TASK GOAL → Lines from the one containing "Koszula Męska Lniana" through the last line of the records below need to be repeated exactly; nothing else, and no pictures.

THE DATA →
[Start of Attachment]
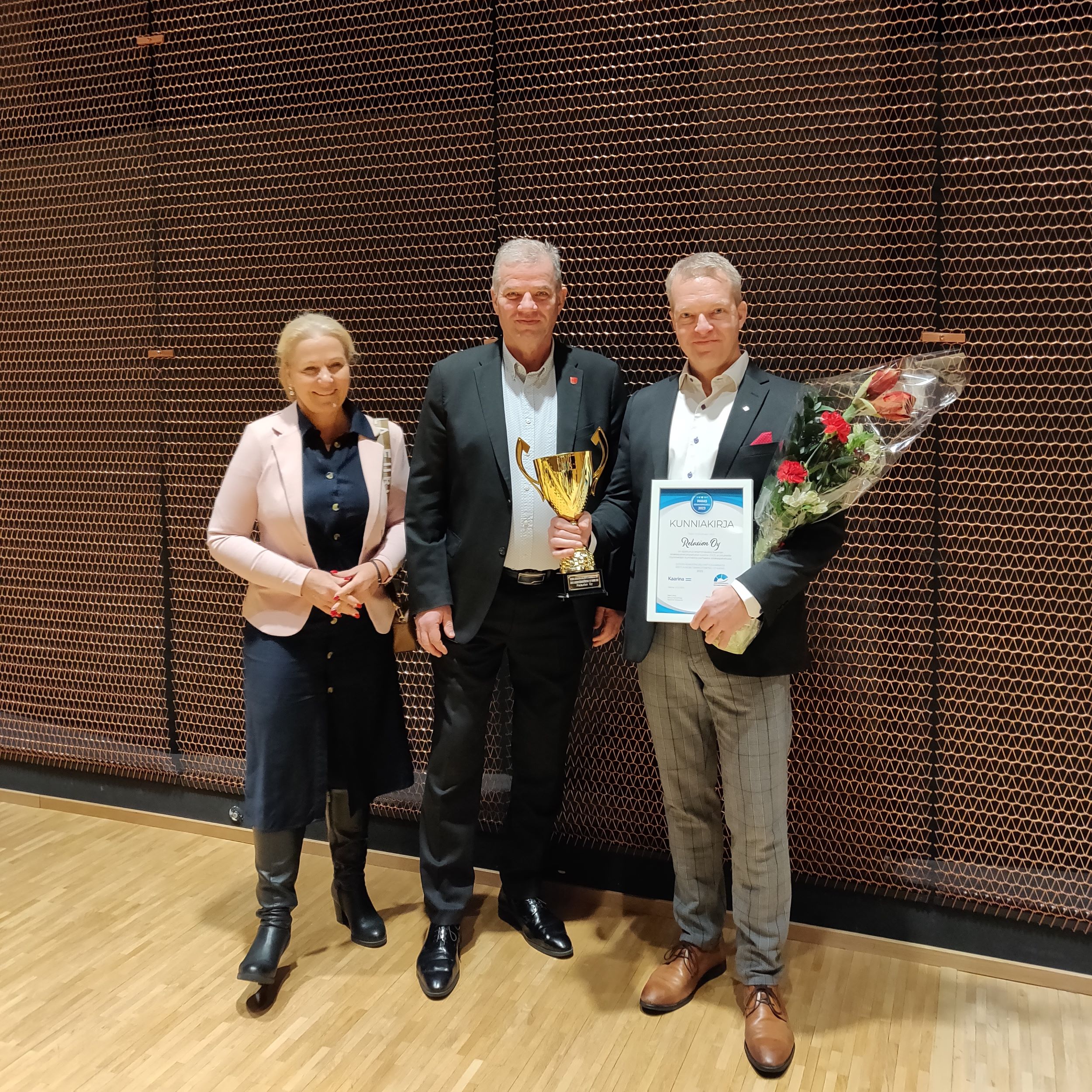Kaarinan Kehityksen Niina Sjöholm ja kaupunginjohtaja Harri Virta onnittelivat Relaxionin Samu Kaukorantaa.
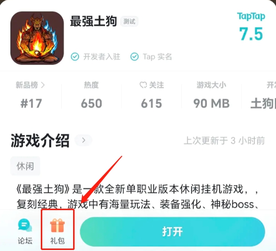 角色扮演最强土狗是一款挂机类型的休仙游戏,这款游戏中玩家可以通过兑换码获得非常多的奖励,兑换码在玩家进入游戏前,在taptap界面的左下角选择礼包进行领取,即可获得兑换码。
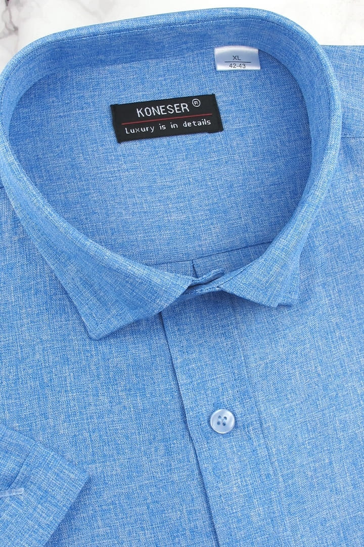 Koszula Męska Lniana Casual Gładka Niebieska Regular Koneser R488
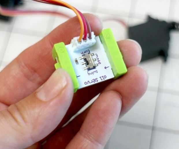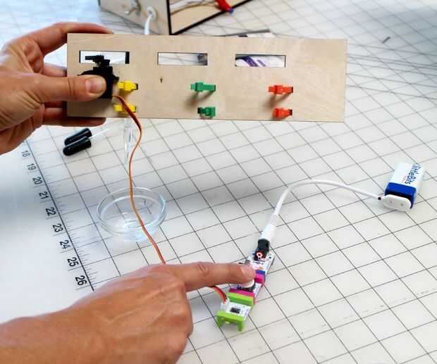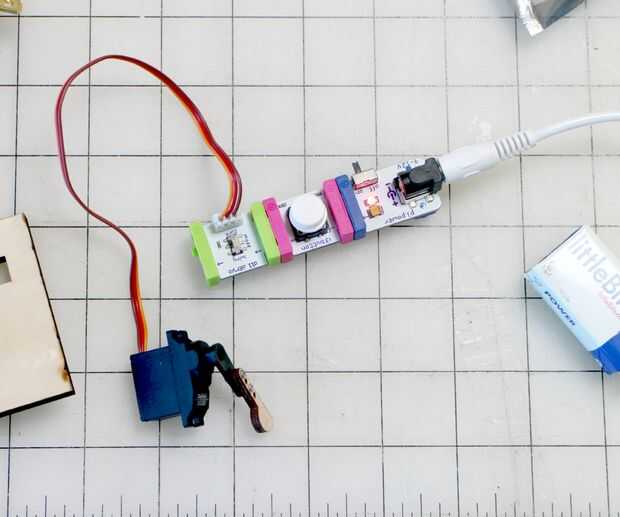 De una manera fácil de probar los movimientos, conecte el littleBits módulo de alimentación de 9 voltios al módulo de botón.
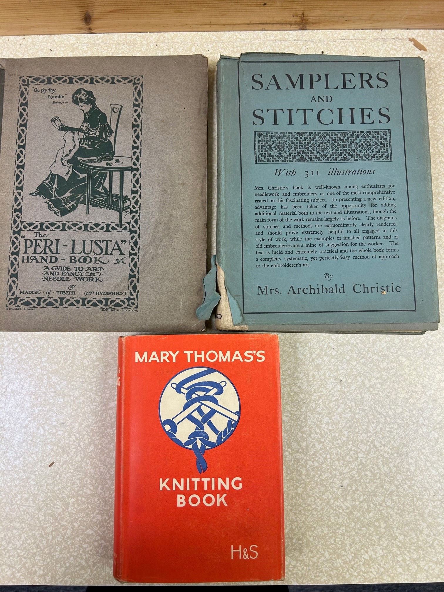 Mary Thomas's Knitting book 1938, Samplers & Stitches Mrs Archibald Christie 1929, The Peri-Lusta Handbook Madge of Truth. |
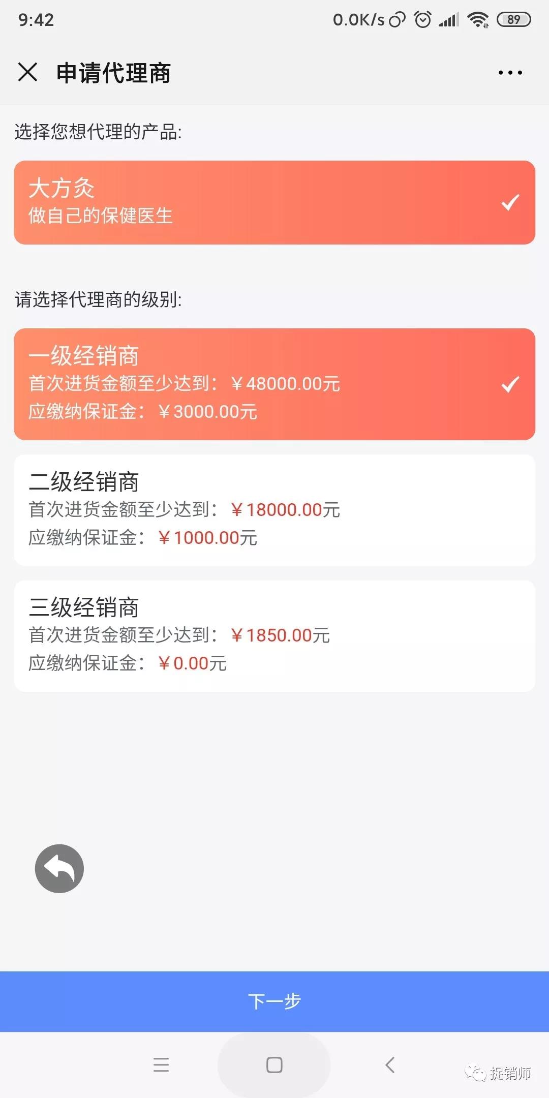 一级代理商(联合创始人):首次进货额48000元,保证金3000元;
[End of Attachment]
RESPONSE →
 Koszula Męska Lniana Casual Gładka Niebieska Regular Koneser R488
 De una manera fácil de probar los movimientos, conecte el littleBits módulo de alimentación de 9 voltios al módulo de botón.
 Mary Thomas's Knitting book 1938, Samplers & Stitches Mrs Archibald Christie 1929, The Peri-Lusta Handbook Madge of Truth. |
 一级代理商(联合创始人):首次进货额48000元,保证金3000元;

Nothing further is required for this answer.